▶ Requirement:
Your task is to repeat the entries below exactly and to leave their images out.

▶ Entries supplied:
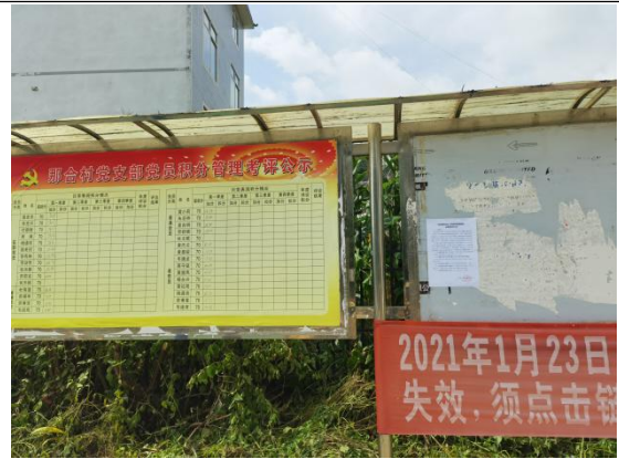
那合村现场张贴近景
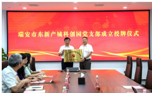
瑞安东新城科创园党支部成立
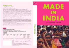
Made In India
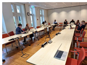
République du Congo
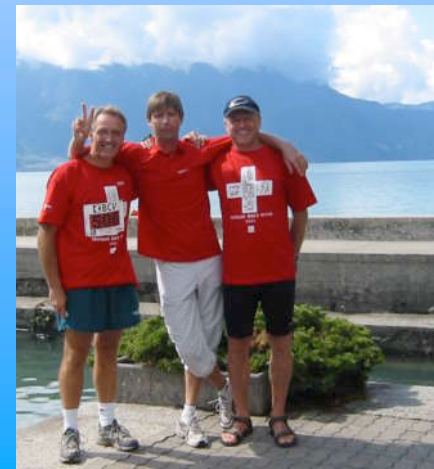
L'équipe relais de l'édition 2003 du triathlon de la Riviera
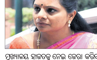
ମୁଖ୍ୟାଳୟ ହାଇଦ୍ରାବାଦରେ କେଜା କରିବା ପାଇଁ ଆପରାଧିକାରୀ ସତ୍ତ୍ୱେ ଏହା ଆକାରକୁ ଖଡ଼ୁଥିବା ସୁଲତାନ ବାଥେରୀର ନାମ ପରିବର୍ତ୍ତନ କରିବାକୁ ଦାବି କରିଛନ୍ତି।

ମନିଲଣ୍ଡର, ପ୍ରମାଣ ନଷ୍ଟ କରିବା ଏବଂ ସାକ୍ଷୀଙ୍କୁ ପ୍ରଭାବିତ କରିବାର ସମ୍ଭବ ଥିବାର ପ୍ରାରମ୍ଭିକ ଅନୁଧ୍ୟାନରୁ ଜଣାପଡ଼ିଥିବାରୁ ତାଙ୍କୁ କବିତା ଦେବାକୁ ସୋପାନର ଅଧିକାର ମନା କରିଦେଇଥିଲେ। ଦକ୍ଷିଣା ମଦ କମ୍ପାନୀଗୁଡ଼ିକ ସପକ୍ଷରେ ଅବକାରୀ ନୀତି ପ୍ରସ୍ତୁତି କରିବା ଦିଲ୍ଲୀରେ ସରକାରରେ ଥିବା ଆର୍ ଆର୍‌ଏମ୍ ପାର୍ଟିରୁ ୧୦୦ କୋଟି ଟଙ୍କା ଲାଷ୍ଟ ଦେବା ମାମଲାରେ କବିତା ଗାଳିଆଡି ନେଇ ଆଇପିସି ଏବଂ ଚୁଲ୍‌ତି ସିଦ୍ଧିଆଲ ତାଙ୍କୁ ଜେଲରେ କେଜା କରିଥିଲା। ଗିରଫ ପରେ କବିତାକୁ ସିଦ୍ଧିଆଲ ଏହାର
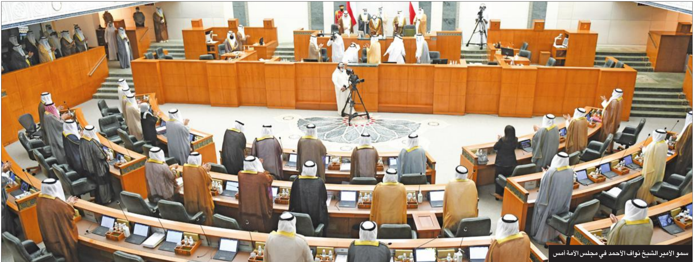
سمو الأمير الشيخ نواف الأحمد في مجلس الأمة أمس

كرمنا لتقديرنا الكبير". وأشار بومبيو إلى أننا نحترم إرثه ونبقى ملتزمين بشراكتنا القوية وصادقنا مع الكويت. وقال كبير الدبلوماسيين الأميركيين: "نقدم لاربعين عاماً".
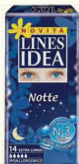
LINES ASSORBENTI IDEA NOTTE x 14
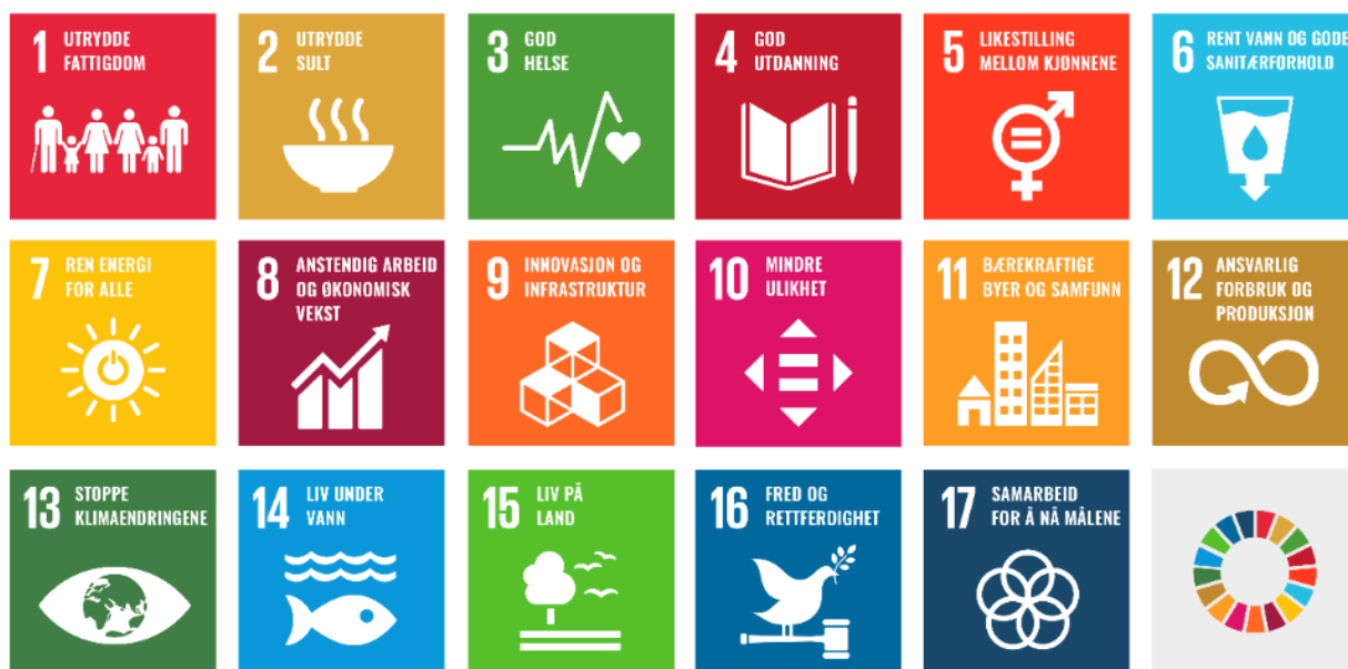
Fig. 1: FNs bærekraftsmål

Økologisk, økonomisk og sosial og kulturell bærekraft er faktorer som hver for seg er viktige for å nå bærekraftsmålene, men som til enhver tid må ses i sammenheng med hverandre og med de målsettinger vi arbeider for å nå. Vi har brukt tema fra bærekraftsmålene under hvert kapittel i kunnskapsgrunnlaget for Heim kommune.
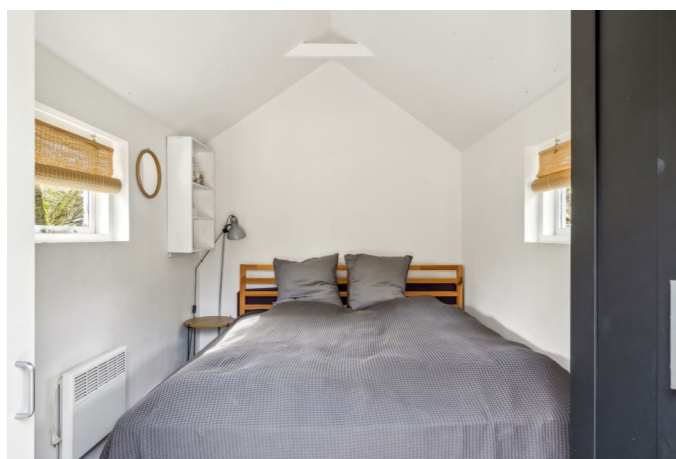
Udhus / Anneks
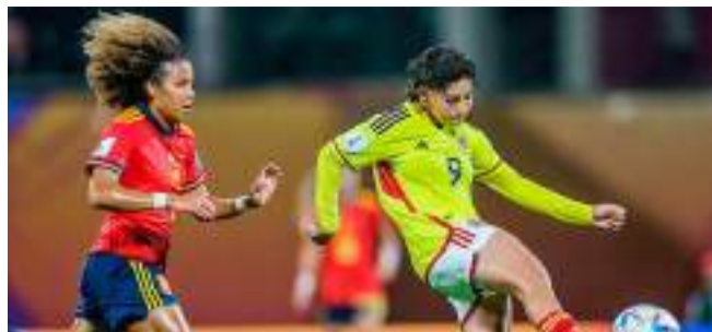
Sub-17 femenina derrotada en el Mundial ■ Deportes 16
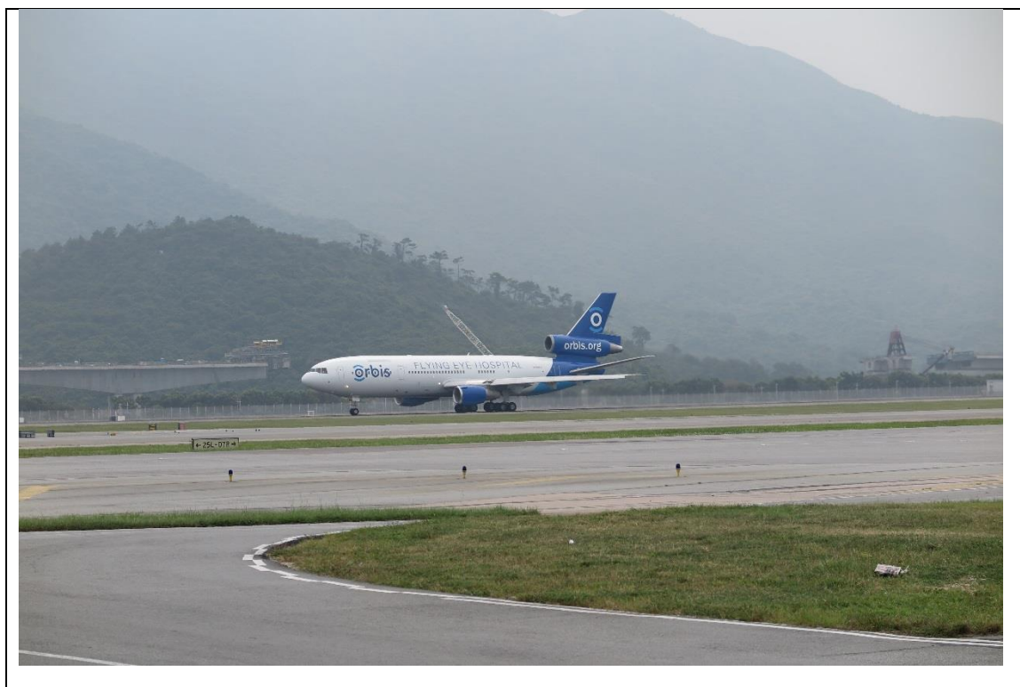
相片 1: 奥比斯眼科飞机医院从香港国际机场起飞

▶ Response area:
那合村现场张贴近景
瑞安东新城科创园党支部成立
Made In India
République du Congo
L'équipe relais de l'édition 2003 du triathlon de la Riviera
ମୁଖ୍ୟାଳୟ ହାଇଦ୍ରାବାଦରେ କେଜା କରିବା ପାଇଁ ଆପରାଧିକାରୀ ସତ୍ତ୍ୱେ ଏହା ଆକାରକୁ ଖଡ଼ୁଥିବା ସୁଲତାନ ବାଥେରୀର ନାମ ପରିବର୍ତ୍ତନ କରିବାକୁ ଦାବି କରିଛନ୍ତି।

ମନିଲଣ୍ଡର, ପ୍ରମାଣ ନଷ୍ଟ କରିବା ଏବଂ ସାକ୍ଷୀଙ୍କୁ ପ୍ରଭାବିତ କରିବାର ସମ୍ଭବ ଥିବାର ପ୍ରାରମ୍ଭିକ ଅନୁଧ୍ୟାନରୁ ଜଣାପଡ଼ିଥିବାରୁ ତାଙ୍କୁ କବିତା ଦେବାକୁ ସୋପାନର ଅଧିକାର ମନା କରିଦେଇଥିଲେ। ଦକ୍ଷିଣା ମଦ କମ୍ପାନୀଗୁଡ଼ିକ ସପକ୍ଷରେ ଅବକାରୀ ନୀତି ପ୍ରସ୍ତୁତି କରିବା ଦିଲ୍ଲୀରେ ସରକାରରେ ଥିବା ଆର୍ ଆର୍‌ଏମ୍ ପାର୍ଟିରୁ ୧୦୦ କୋଟି ଟଙ୍କା ଲାଷ୍ଟ ଦେବା ମାମଲାରେ କବିତା ଗାଳିଆଡି ନେଇ ଆଇପିସି ଏବଂ ଚୁଲ୍‌ତି ସିଦ୍ଧିଆଲ ତାଙ୍କୁ ଜେଲରେ କେଜା କରିଥିଲା। ଗିରଫ ପରେ କବିତାକୁ ସିଦ୍ଧିଆଲ ଏହାର
سمو الأمير الشيخ نواف الأحمد في مجلس الأمة أمس

كرمنا لتقديرنا الكبير". وأشار بومبيو إلى أننا نحترم إرثه ونبقى ملتزمين بشراكتنا القوية وصادقنا مع الكويت. وقال كبير الدبلوماسيين الأميركيين: "نقدم لاربعين عاماً".
LINES ASSORBENTI IDEA NOTTE x 14
Fig. 1: FNs bærekraftsmål

Økologisk, økonomisk og sosial og kulturell bærekraft er faktorer som hver for seg er viktige for å nå bærekraftsmålene, men som til enhver tid må ses i sammenheng med hverandre og med de målsettinger vi arbeider for å nå. Vi har brukt tema fra bærekraftsmålene under hvert kapittel i kunnskapsgrunnlaget for Heim kommune.
Udhus / Anneks
Sub-17 femenina derrotada en el Mundial ■ Deportes 16
相片 1: 奥比斯眼科飞机医院从香港国际机场起飞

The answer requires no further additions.